You may decide to have a genetic test during pregnancy to find out whether your fetus has a disorder, such as Down syndrome. Information obtained from the test can help you decide how to manage your pregnancy.
Genetic testing can be used to find out the identity of a child's father (paternity). It can also be used in crime scene investigation.
What are the main types of genetic testing?
There are six main types of genetic testing:
- Carrier identification determines whether people who have a family history of a specific disease or who are in a group that has an increased chance for that disease are likely to pass on that disease to their children. Information obtained from this type of testing can help guide a couple as they make decisions about pregnancy.
- Prenatal testing determines whether a fetus has a disorder, such as Down syndrome. Information gained from this type of testing can help guide decisions about how to manage a pregnancy, including the decision about whether to end the pregnancy.
- Newborn screening checks for various metabolic diseases, such as phenylketonuria (PKU). Information obtained from newborn screening can help guide medical treatment to ensure the best possible outcome for the baby.
- Late-onset disease testing determines whether you carry a genetic change that increases your risk for developing a disease, such as breast cancer or Huntington's disease, later in life. This might be of interest if you have a relative who has the disease. Information from this type of testing can help you make decisions about preventing or managing the disease.
- Genetic identification (DNA fingerprinting) can be used to determine paternity, help solve crimes, and identify a body.
- Compatibility testing looks at genetic markers to see if an organ for transplant is suitable for a person who needs it.
What are the risks of genetic testing?
Information from genetic testing can affect your life and the lives of your family members. The issues involved include:
- Psychological. The emotions you may experience if you learn that you have a greater chance of having or passing on a serious disease can cause you to feel anxious or depressed.
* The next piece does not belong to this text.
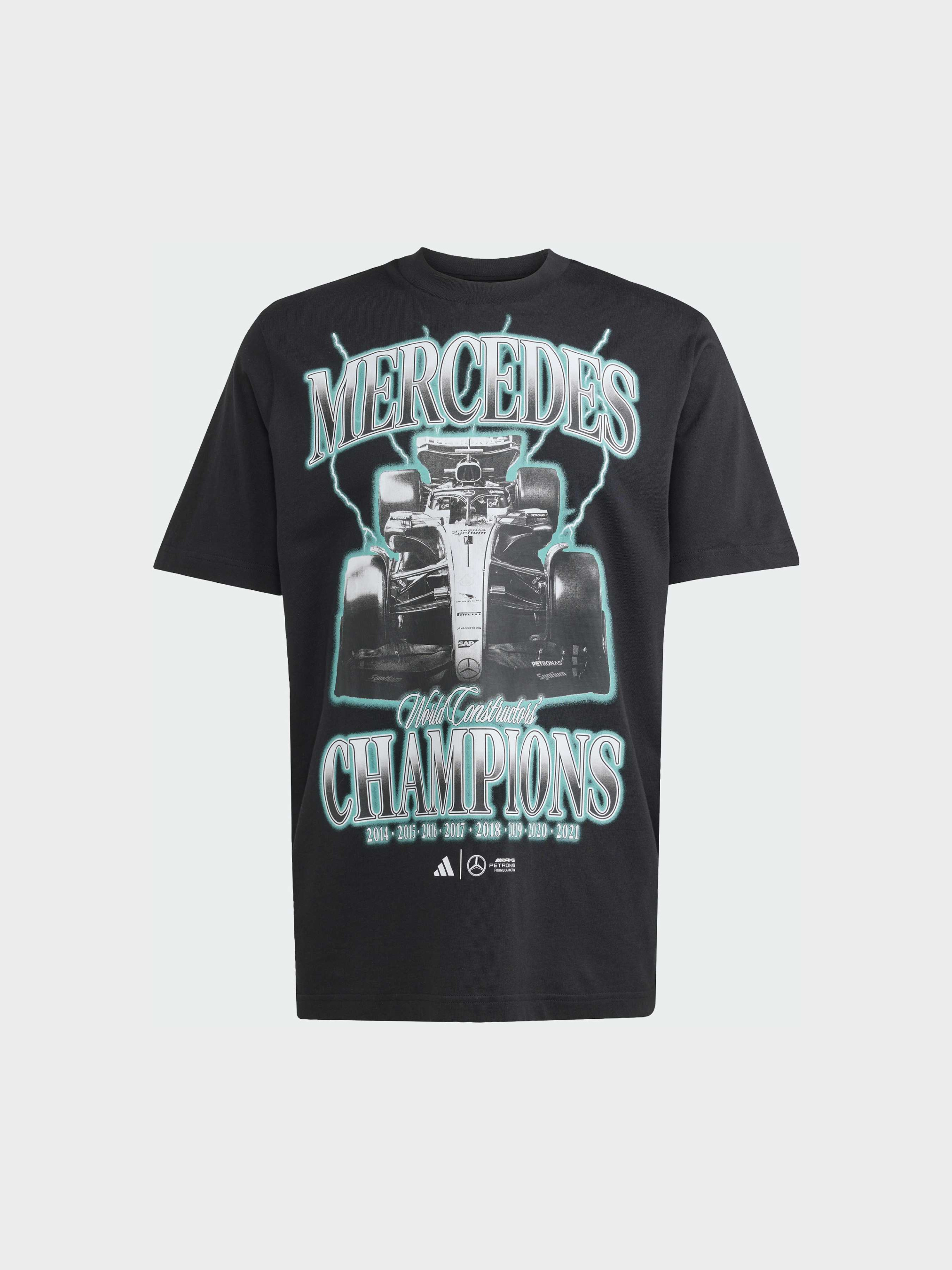 Характеристики 100% хлопок Графика Mercedes на груди Круглый вырез горловины Логотипы Mercedes - AMG Petronas Formula One Team Стандартный крой Описание Вырази свою страсть к adidas Motorsport в стильной футболке Mercedes-AMG Petronas Formula One. Спущенная линия плеча создает слегка расслабленный силуэт, а мягкая хлопковая ткань обеспечивает комфорт в течении дня - будь то просмотр гонки или повседневные дела. Вырази поддержку команде с помощью культового логотипа на груди и крупной графики Mercedes.

This may also affect your relationship with your partner or other family members. Genetic counseling is recommended prior to genetic testing.
- Medical. A person who tests positive for a disease-specific gene change may decide to use preventive or treatment options to reduce the impact or severity of the disease. Although many treatment options have been shown to be effective, others may be potentially dangerous or of unproven value.
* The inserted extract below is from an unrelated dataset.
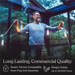 Ambience Pro Waterproof LED Outdoor String Lights, 48 Ft, Hanging, Dimmable
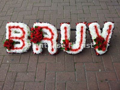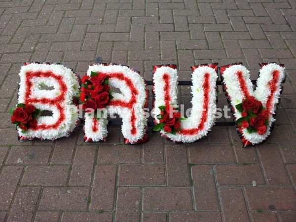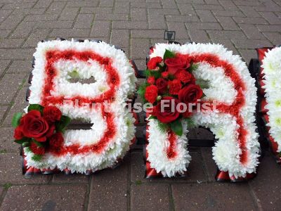 Each letter is based in Double Chrysanths and a Coloured Stripe is sprayed onto each letter and a full Cluster of Roses, Spray Carnations and Choice Foliage is arranged onto each letter. Finished with a matching ribbon edge.

- Privacy. Because genetic testing is expensive, few people are able to afford it without help from their insurance companies. Many people worry that genetic information released to insurance companies may affect future employment options or insurance availability. The discovery of a genetic disease that is not causing symptoms now (such as breast cancer or Huntington's disease) should not affect your future ability to gain employment or health insurance coverage. A law in the United States, called the Genetic Information Nondiscrimination Act of 2008 (GINA), protects people who have DNA differences that may affect their health. This law does not cover life insurance, disability insurance, or long-term care insurance.